To solve this problem, subscribers should enable NAT-traversal in their IPsec VPN clients. The vast majority of them support this functionality as described in RFC 3715 and RFC 3947.

Chapter 11 NAT Forwarding

Modem router’s NAT (Network Address Translation) feature makes the devices in the LAN use the same public IP address to communicate in the internet, which protects the local network by hiding IP addresses of the devices. However, it also brings about the problem that external host cannot initiatively communicate with the specified device in the local network.

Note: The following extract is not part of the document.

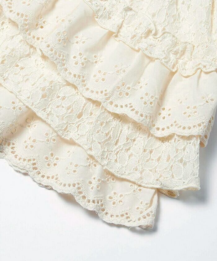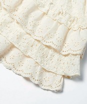 ・ふんだんにつかわれてるコットンレースが嬉しい♪フンワリ、コットンキャンディーの様、可愛い姿にママも微笑んでしまいそうな、スカートに見えて動きやすいパンツデザインが嬉しい★
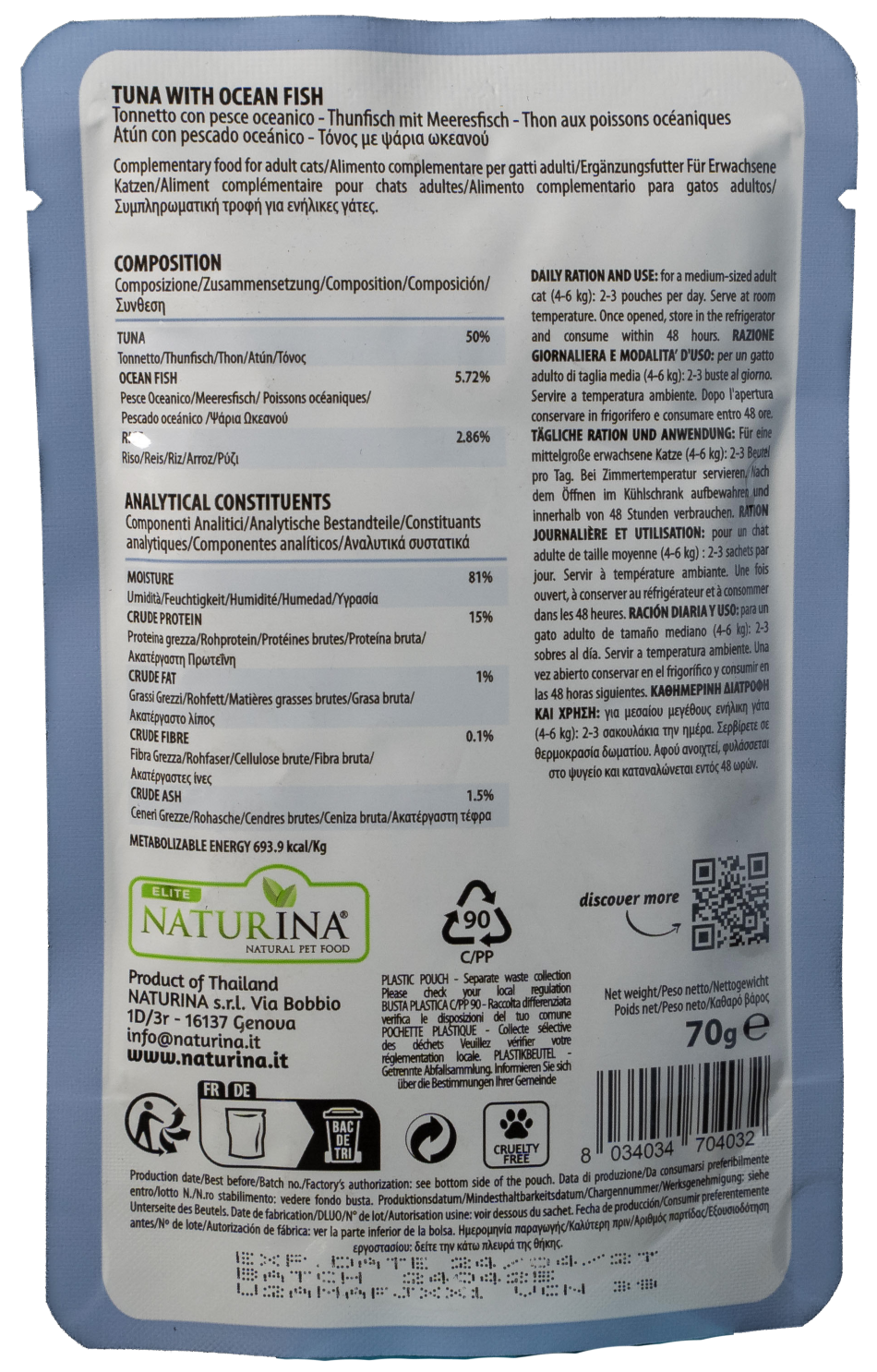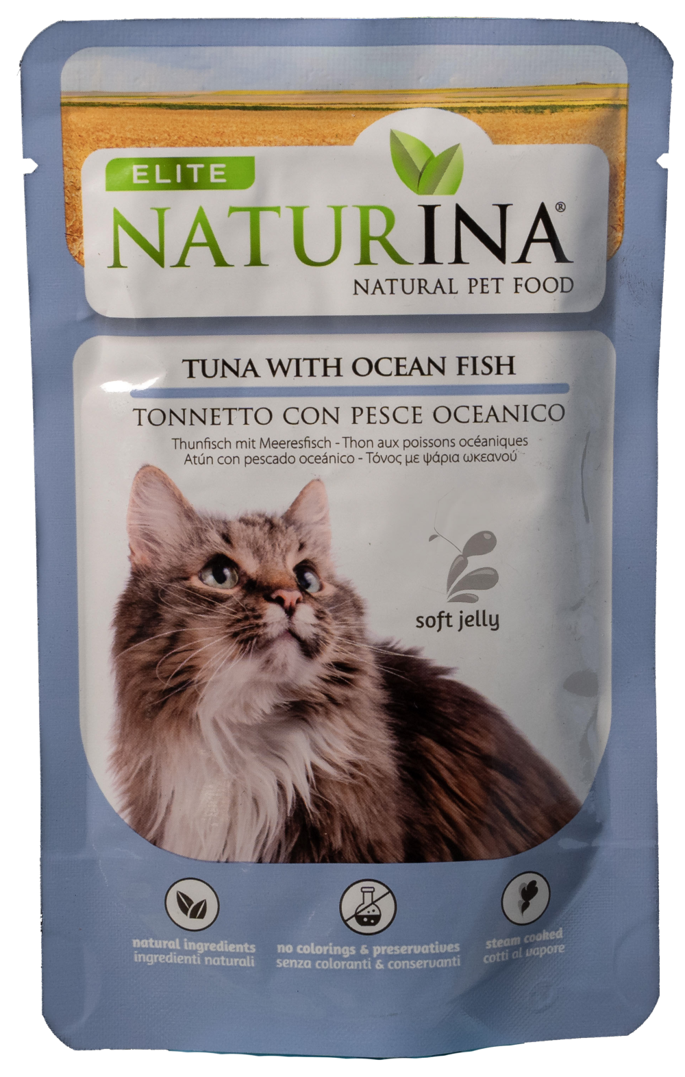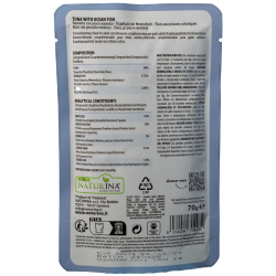 NATURINA ELITE TONNO con PESCE OCEANICO è un alimento complementare per gatti adulti in Soft Jelly: cucinato al vapore e conservato in morbida gelatina. Realizzato con parti pregiate di tonno e pesce oceanico. Senza additivi, coloranti e conservanti aggiunti.

The modem router can use a forwarding feature to remove the isolation of NAT and allow external internet hosts to intuitively communicate with the devices in the local network, thus enabling some special features.

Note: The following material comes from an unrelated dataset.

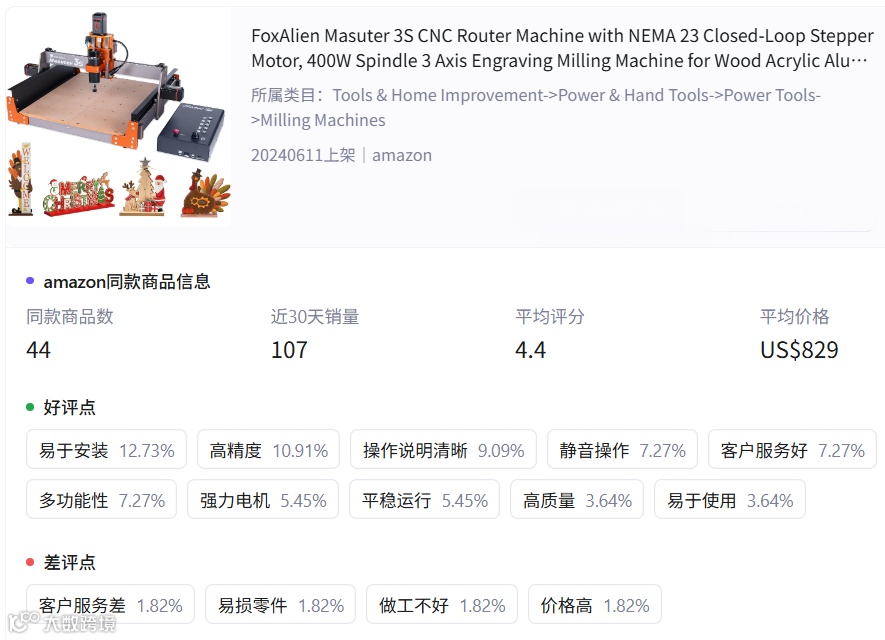 以亚马逊美国站的数据为例,桌面CNC赛道的核心特征是“高单价、低销量、高分散”。平均售价高达$2200,但月销量不足百台,且没有任何品牌能占据主导地位。这为有技术、有品牌、有服务能力的新卖家提供了进入窗口。

TP-Link modem router includes four forwarding rules. If two or more rules are set, the priority of implementation from high to low is Virtual Servers, Port Triggering, UPNP and DMZ.

This chapter contains the following sections:

Translate Address and Port by ALG

Share Local Resources over the Internet by Virtual Server

Open Ports Dynamically by Port Triggering

Make Applications Free from Port Restriction by DMZ

Make Xbox Online Games Run Smoothly by UPnP

1. Translate Address and Port by ALG

ALG (Application Layer Gateway) allows customized NAT (Network Address Translation) traversal filters to be plugged into the gateway to support address and port translation for certain application layer “control/data” protocols: FTP, TFTP, H323 etc. Enabling ALG is recommended.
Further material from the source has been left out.